### [Exercise instructions]
Starting at the line that contains "Seva Chikan Hand" and stopping at the line that contains "Handheld elektrische ventilator", restate each line of the records below exactly. Omit the pictures.

### [Data for analysis]
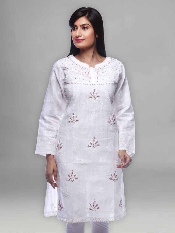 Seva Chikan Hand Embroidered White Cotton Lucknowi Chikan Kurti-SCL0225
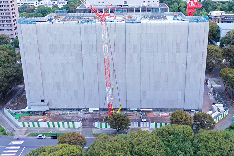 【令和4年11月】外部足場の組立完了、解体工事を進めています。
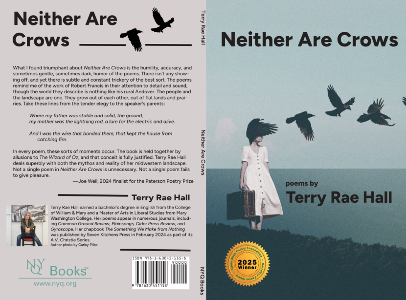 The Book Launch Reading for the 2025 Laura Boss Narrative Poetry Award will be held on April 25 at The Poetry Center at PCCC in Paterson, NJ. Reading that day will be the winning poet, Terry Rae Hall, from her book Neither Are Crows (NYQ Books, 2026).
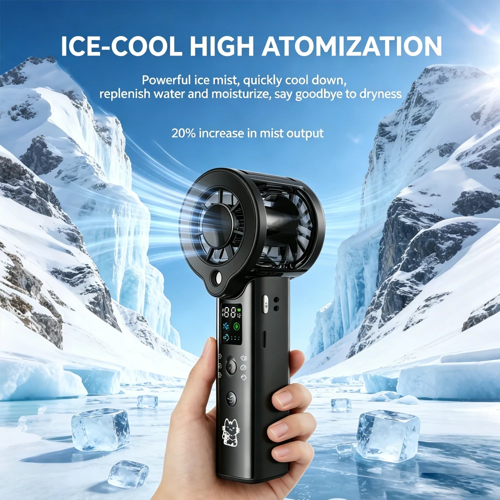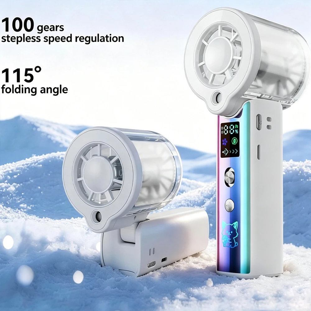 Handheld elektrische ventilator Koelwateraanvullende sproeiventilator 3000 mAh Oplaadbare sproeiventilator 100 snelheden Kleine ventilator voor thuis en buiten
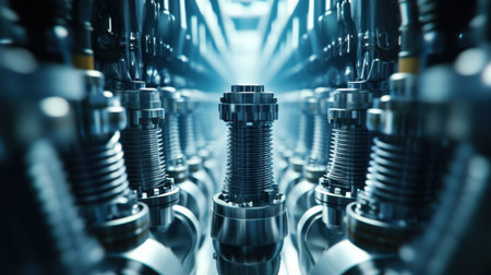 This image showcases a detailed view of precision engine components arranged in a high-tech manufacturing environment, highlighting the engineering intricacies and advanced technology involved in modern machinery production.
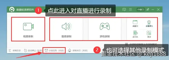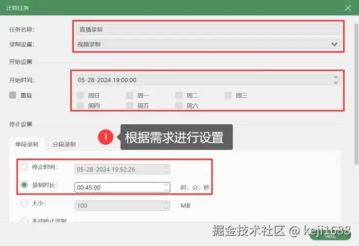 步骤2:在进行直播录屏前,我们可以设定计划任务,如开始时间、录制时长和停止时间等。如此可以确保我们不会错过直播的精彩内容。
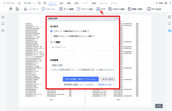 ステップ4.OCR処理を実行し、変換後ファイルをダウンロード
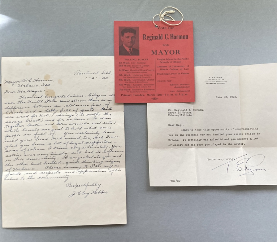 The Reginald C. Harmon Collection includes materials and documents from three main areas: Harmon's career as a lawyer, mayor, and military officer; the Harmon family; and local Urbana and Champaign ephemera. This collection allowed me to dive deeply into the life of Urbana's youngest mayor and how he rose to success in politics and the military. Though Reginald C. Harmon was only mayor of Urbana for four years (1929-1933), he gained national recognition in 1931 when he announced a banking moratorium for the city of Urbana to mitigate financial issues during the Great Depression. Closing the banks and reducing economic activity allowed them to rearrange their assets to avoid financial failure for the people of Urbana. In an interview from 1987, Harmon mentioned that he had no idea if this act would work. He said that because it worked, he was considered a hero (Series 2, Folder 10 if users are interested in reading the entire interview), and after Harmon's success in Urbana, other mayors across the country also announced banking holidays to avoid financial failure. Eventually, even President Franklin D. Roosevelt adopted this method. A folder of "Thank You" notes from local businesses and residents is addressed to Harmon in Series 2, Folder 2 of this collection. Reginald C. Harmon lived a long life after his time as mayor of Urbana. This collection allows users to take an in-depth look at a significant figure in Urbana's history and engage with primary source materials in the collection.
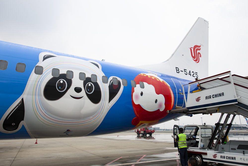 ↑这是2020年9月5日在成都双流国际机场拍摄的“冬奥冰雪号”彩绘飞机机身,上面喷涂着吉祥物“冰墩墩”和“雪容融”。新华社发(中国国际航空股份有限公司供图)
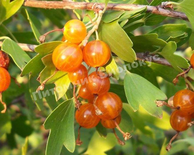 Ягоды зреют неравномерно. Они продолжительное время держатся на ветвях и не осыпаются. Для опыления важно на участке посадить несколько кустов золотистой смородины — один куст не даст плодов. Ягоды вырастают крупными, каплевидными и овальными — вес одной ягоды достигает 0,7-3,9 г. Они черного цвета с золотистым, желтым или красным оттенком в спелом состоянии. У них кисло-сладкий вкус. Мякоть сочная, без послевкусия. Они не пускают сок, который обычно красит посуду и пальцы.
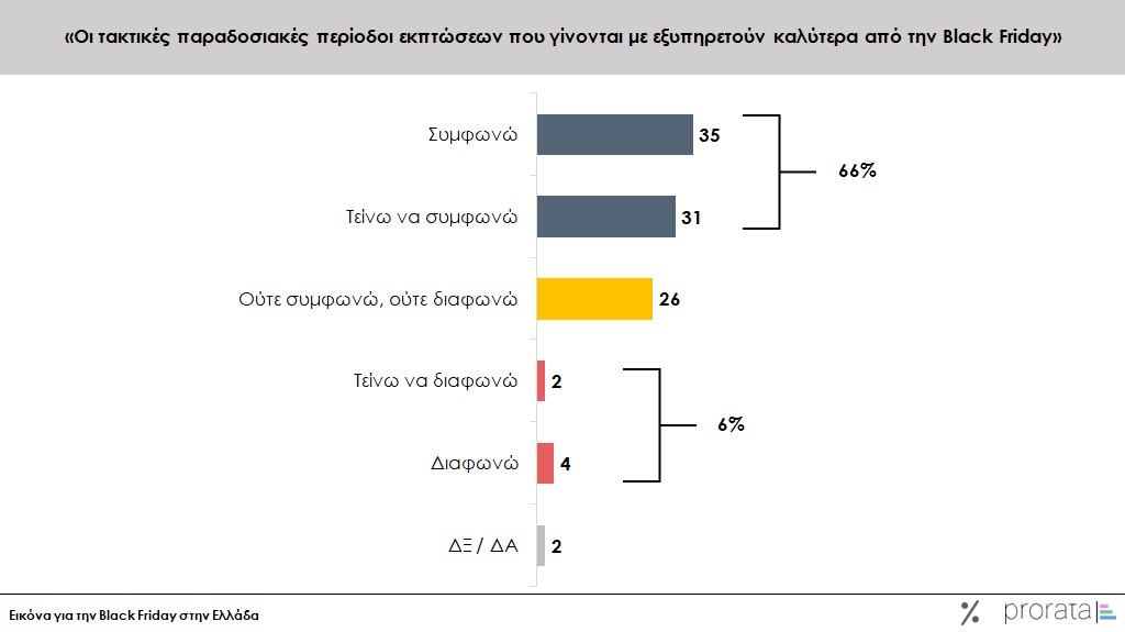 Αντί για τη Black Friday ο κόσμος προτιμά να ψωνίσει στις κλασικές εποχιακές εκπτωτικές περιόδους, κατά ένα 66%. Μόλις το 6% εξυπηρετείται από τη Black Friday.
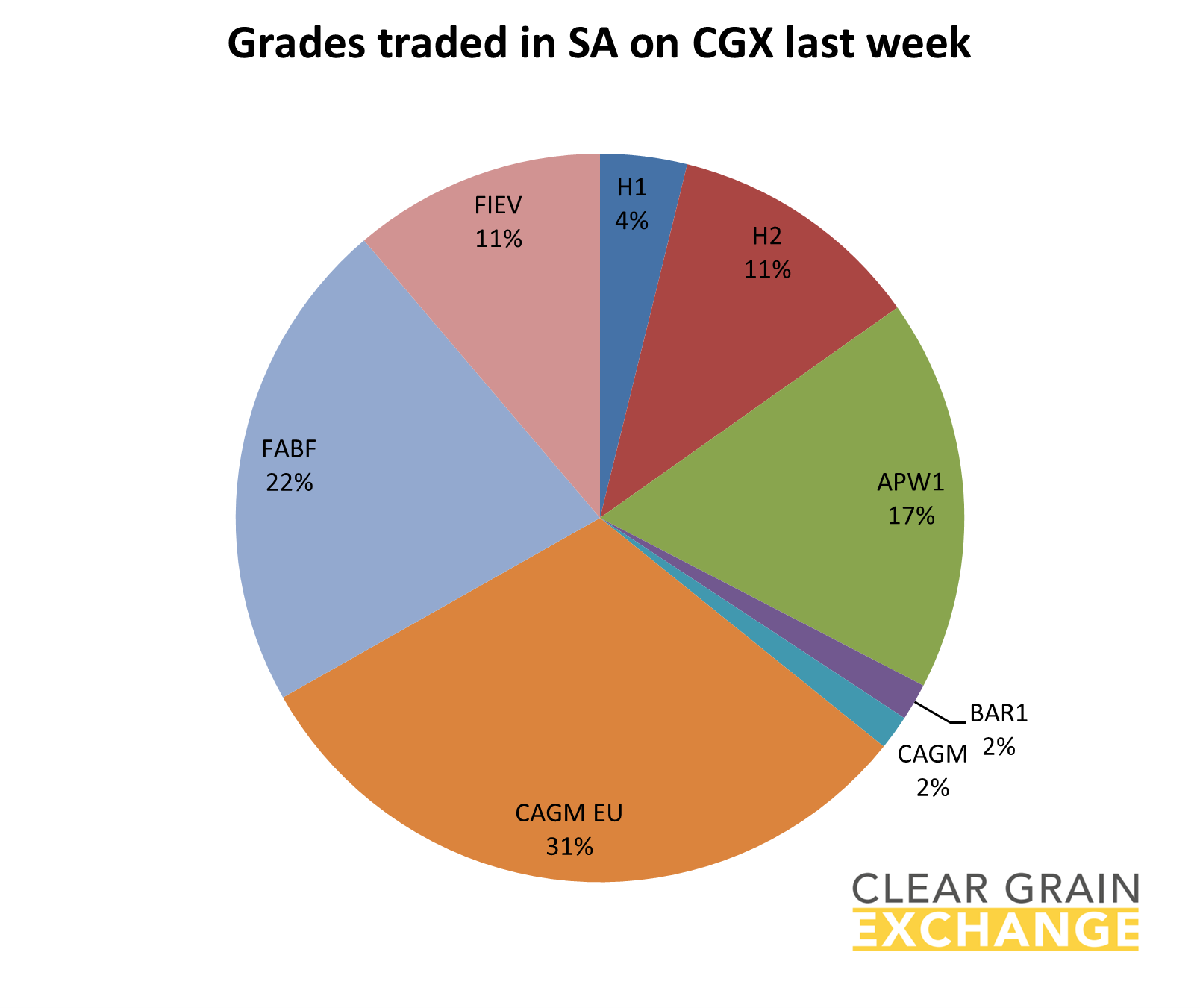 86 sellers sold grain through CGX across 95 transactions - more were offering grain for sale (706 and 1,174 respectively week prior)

--

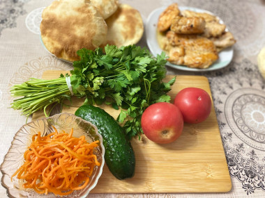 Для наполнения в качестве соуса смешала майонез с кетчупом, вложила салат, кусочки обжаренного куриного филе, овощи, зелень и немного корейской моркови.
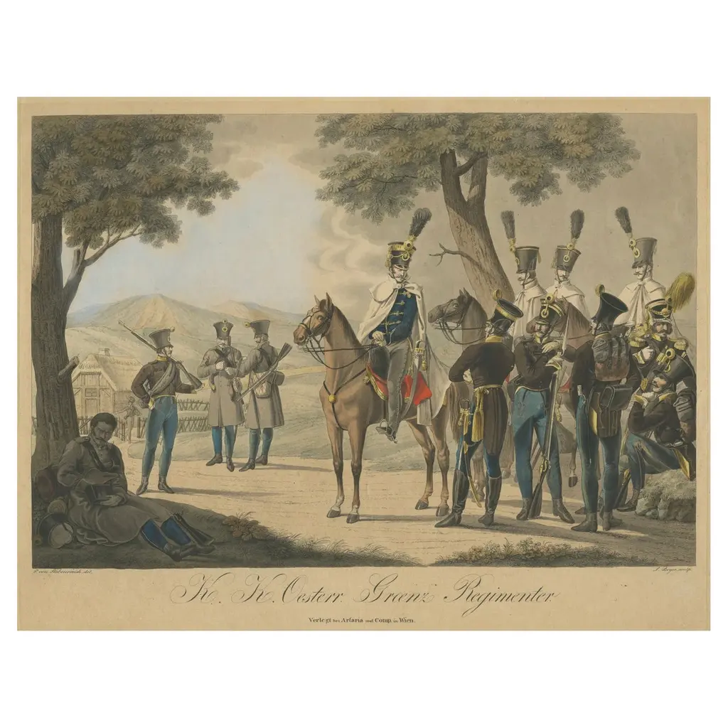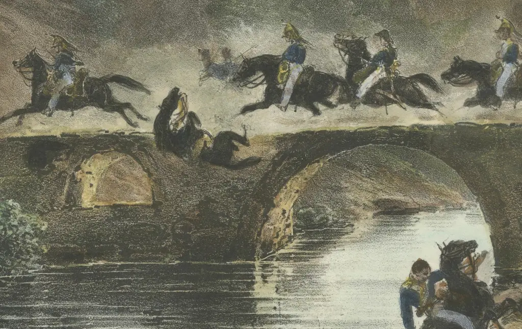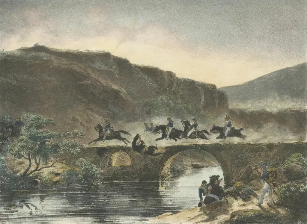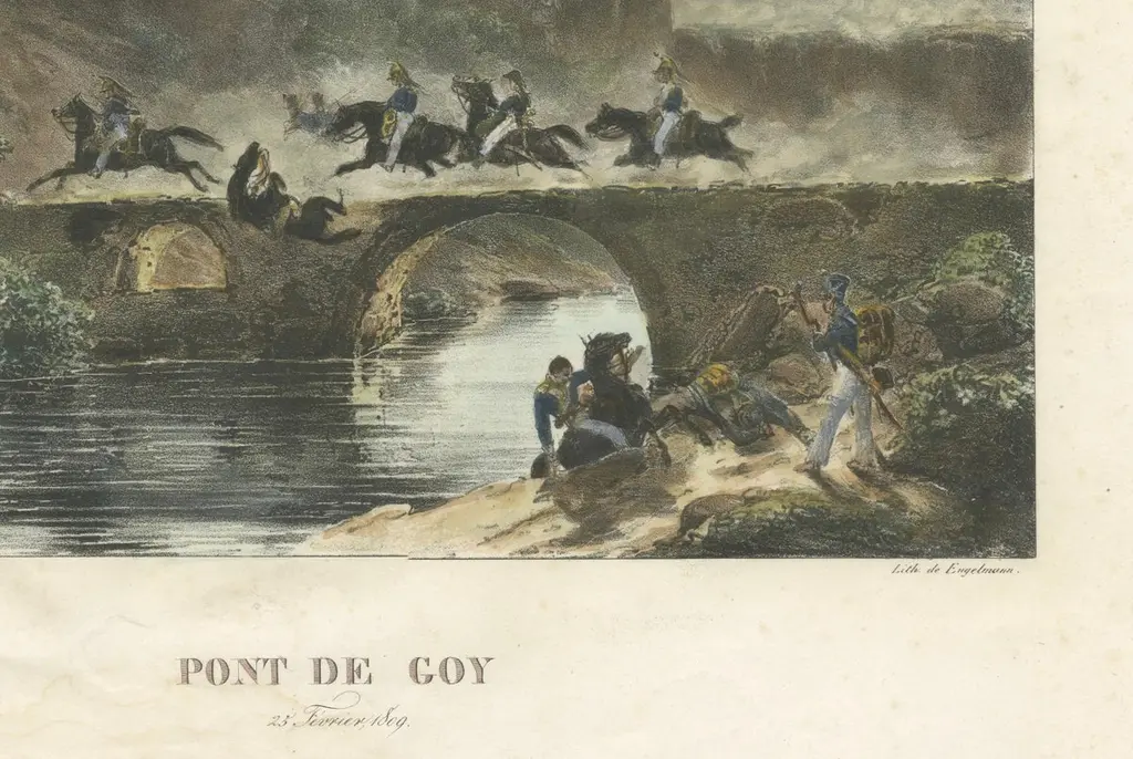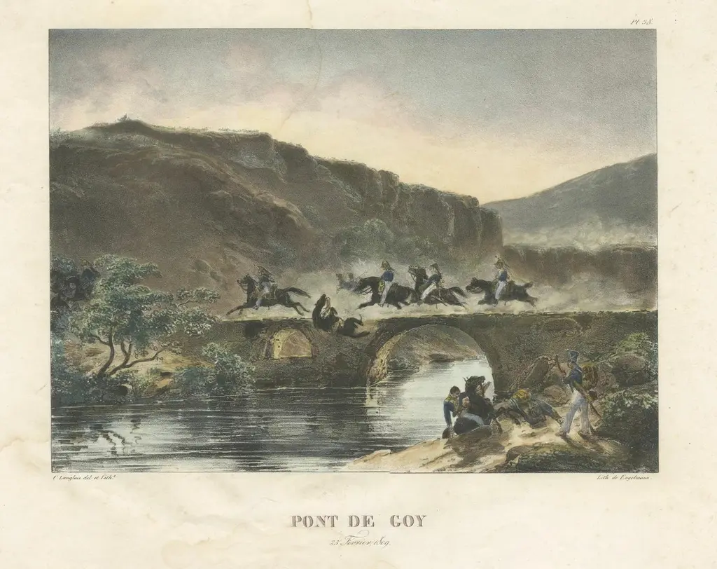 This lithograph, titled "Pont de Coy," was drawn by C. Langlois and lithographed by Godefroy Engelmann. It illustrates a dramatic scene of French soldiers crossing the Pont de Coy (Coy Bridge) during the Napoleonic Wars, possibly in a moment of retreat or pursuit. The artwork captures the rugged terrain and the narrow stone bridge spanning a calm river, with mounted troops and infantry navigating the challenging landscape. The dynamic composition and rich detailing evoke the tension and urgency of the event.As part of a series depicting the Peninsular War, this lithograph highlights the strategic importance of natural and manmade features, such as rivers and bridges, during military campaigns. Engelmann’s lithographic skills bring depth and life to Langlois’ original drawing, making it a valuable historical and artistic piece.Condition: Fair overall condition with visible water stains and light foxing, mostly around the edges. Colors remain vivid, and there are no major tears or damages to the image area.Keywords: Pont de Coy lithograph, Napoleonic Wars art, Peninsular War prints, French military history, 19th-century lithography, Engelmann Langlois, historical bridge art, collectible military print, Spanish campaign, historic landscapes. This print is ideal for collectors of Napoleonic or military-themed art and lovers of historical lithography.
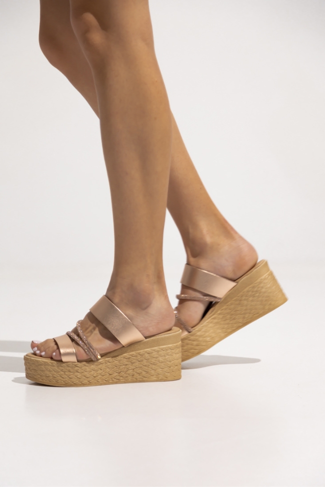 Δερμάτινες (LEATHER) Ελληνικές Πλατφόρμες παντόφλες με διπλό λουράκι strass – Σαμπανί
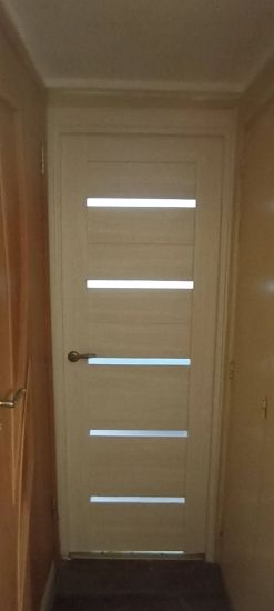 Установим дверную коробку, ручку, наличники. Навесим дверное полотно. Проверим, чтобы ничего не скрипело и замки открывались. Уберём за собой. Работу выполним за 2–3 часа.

### [Result of this task]
 Seva Chikan Hand Embroidered White Cotton Lucknowi Chikan Kurti-SCL0225
 【令和4年11月】外部足場の組立完了、解体工事を進めています。
 The Book Launch Reading for the 2025 Laura Boss Narrative Poetry Award will be held on April 25 at The Poetry Center at PCCC in Paterson, NJ. Reading that day will be the winning poet, Terry Rae Hall, from her book Neither Are Crows (NYQ Books, 2026).
 Handheld elektrische ventilator Koelwateraanvullende sproeiventilator 3000 mAh Oplaadbare sproeiventilator 100 snelheden Kleine ventilator voor thuis en buiten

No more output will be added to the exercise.